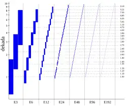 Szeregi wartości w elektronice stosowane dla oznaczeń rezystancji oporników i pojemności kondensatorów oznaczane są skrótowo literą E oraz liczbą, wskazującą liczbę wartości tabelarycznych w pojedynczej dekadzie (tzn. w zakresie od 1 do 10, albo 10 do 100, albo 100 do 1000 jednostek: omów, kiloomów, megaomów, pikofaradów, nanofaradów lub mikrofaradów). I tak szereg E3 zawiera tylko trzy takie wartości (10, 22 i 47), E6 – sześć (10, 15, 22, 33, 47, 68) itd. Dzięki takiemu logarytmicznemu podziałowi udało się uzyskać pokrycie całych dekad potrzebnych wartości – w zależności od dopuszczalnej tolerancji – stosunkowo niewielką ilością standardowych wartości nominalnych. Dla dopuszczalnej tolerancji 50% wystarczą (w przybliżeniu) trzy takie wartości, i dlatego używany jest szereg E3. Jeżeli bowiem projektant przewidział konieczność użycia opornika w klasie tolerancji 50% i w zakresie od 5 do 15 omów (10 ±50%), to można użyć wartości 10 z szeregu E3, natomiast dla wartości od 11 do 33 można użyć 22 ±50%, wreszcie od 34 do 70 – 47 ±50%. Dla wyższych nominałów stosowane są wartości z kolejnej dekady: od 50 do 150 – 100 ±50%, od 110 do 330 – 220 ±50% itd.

==

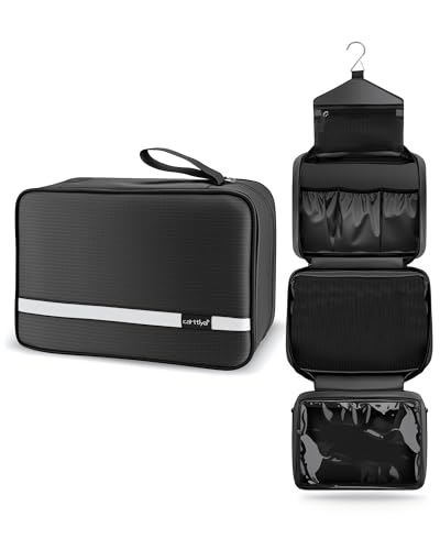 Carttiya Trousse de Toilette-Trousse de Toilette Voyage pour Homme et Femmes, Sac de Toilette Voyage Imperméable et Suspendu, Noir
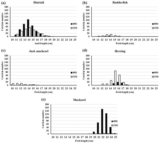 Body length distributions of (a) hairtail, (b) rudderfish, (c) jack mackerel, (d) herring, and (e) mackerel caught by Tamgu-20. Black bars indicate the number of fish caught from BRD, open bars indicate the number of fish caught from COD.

▶ _Task goal_:
What is needed is an exact copy of only the lines above from the one with "Carttiya Trousse de" to the one with "Body length distributions", both kept, with every picture left out.

▶ _Response area_:
 Carttiya Trousse de Toilette-Trousse de Toilette Voyage pour Homme et Femmes, Sac de Toilette Voyage Imperméable et Suspendu, Noir
 Body length distributions of (a) hairtail, (b) rudderfish, (c) jack mackerel, (d) herring, and (e) mackerel caught by Tamgu-20. Black bars indicate the number of fish caught from BRD, open bars indicate the number of fish caught from COD.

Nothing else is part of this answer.